From:eppstein@ics.uci.edu (David Eppstein)Date:28 Jan 1997 11:00:52 -0800Newsgroups:sci.mathSubject:Re: [HELP]Solid angle

Xavier SERPAGGI wrote: >> Does anybody know a simple way to calculate the solid angle of four >> points, or even three. Ok, suppose you are trying to calculate the solid angle of a tetrahedron vertex. Translate the vertex to the origin (i.e. subtract its coordinates from the coordinates of the other three vertices), and normalize the other three points (call them a,b,c) so they are all at unit distance from the origin (e.g. if a has coordinates a1,a2,a3, divide each coordinate by sqrt(a1^2+a2^2+a3^2)).

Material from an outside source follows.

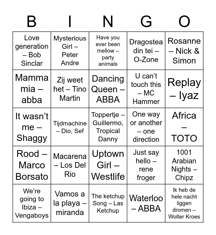 This bingo card has 97 words: Free!, Het is een nacht – Guus Meeuwis, Casanova – Ultimate Kaos, Tijdmachine – Dio, Sef, Rainbow in the sky – Paul Elstak, Fuifje – DoeMaarDave, Links Rechts – Snollebollekes, Viva La Vida – Coldplay, Crazy in love - Beyoncé, Jay-Z, Got 2 Luv U – Sean Paul, Thrift Shop – Macklemore, Dromendans – Vinzzent, Que Si, Que No – Jody Bernal, Rood – Marco Borsato, Anne – Clouseau, Love generation – Bob Sinclar, Rosanne – Nick & Simon, Maak me gek – Gerard Joling, Oya Lélé - K3, Ademnood – Linda Roos en Jessica, Stupid – Tess, Leef - André Hazes, Wannabe – Spice Girls, Barbie Girl – Aqua, I want it that way – Backstreetboys, Dancing Queen – ABBA, We’re going to Ibiza – Vengaboys, 1001 Arabian Nights – Chipz, Every time we touch – Cascada, Dromen zijn bedrog – Marco Borsato, Zij weet het – Tino Martin, Dragostea din tei – O-Zone, Kabouterdans – Kabouter Plop, Cotton Eye Joe – Rednex, The ketchup Song – Las Ketchup, Uptown Girl – Westlife, Step Right Up – Jamai, Ik neem je mee – Gers Pardoel, Mambo No. 5 – Lou Bega, It wasn’t me – Shaggy, Dansplaat – Brainpower, Africa – TOTO, Wake me up before you go-go – Wham!, Waterloo – ABBA, Macarena – Los Del Rio, Ik heb de hele nacht liggen dromen – Wolter Kroes, Single Ladies - Beyoncé, Dura – Daddy Yankee, Even aan mijn moeder vragen – Bloem, Hero – Enrique Iglesias, Temperature – Sean Paul, What makes you beautiful – One Direction, What is love – Haddaway, Walk on water – Milk Inc., Narcotic – Liquido, Alane – Wes, Thriller – Micheal Jackson, Mysterious Girl – Peter Andre, Let’s get loud – Jennifer Lopez, Bewegen is gezond – kinderen voor kinderen, Jailhouse rock – Elvis Presley, Stayin’Alive - Bee Gees, Get Spanish – Jeugd van tegenwoordig, Ai se eu te pego – Michel Teló, Zij – Marco Borsato, Greased Lightning – John Travolta, Ik wou dat ik jou was – veldhuis en kemper, Rhytm is a dancer – SNAP!, La bomba – King Africa, Vamos a la playa – miranda, U can’t touch this – MC Hammer, ABC – The Jackson 5, Désenchantée - Kate Ryan, Walking on sunshine – Katrina & the waves, Mi Rowsu – Damaru, Jan smit, The tide is high – Atomic Kitten, Salsa Tequila – Anders Nilsen, September – Earth, wind & fire, One way or another – one direction, Lay all your love on me – ABBA, Beautiful – Akon, Replay – Iyaz, Unwritten – Natasha Bedingfield, Country Roads – Hermes Houseband, De Toreador – Opgeblazen, Wilbert Pigmans, Je hoeft niet naar huis vannacht – Marco Borsato, Toppertje – Guillermo, Tropical Danny, I gotta feeling – Black Eyed Peas, Follow the leader – the soca boys, Heb je even voor mij – frans bauer, Have you ever been mellow – party animals, Viva hollandia – wolter kroes, Waka waka – shakira, Just say hello – rene froger, Mamma mia – abba, Laat de zon in je hart – rene schuurmans and Livin' la vida loca – ricky martin.

Then the solid angle E can be found from the formula E = 2 tan^{-1} (a . (b x c))/(1 + b.c + c.a + a.b) where x is a cross product and the periods are dot products. Reference: F. Eriksson, "On the measure of solid angles", Math. Mag. 63, no. 3, 1990, pp. 184--187. -- David Eppstein UC Irvine Dept. of Information & Computer Science eppstein@ics.uci.edu http://www.ics.uci.edu/~eppstein/

From:mcconnel@vvm_See.Sig_.com (Don McConnell -- Read .sig before replying)Date:Wed, 30 Jul 1997 16:34:48 -0600Newsgroups:sci.mathSubject:Re: What is Tetrahedrometry ?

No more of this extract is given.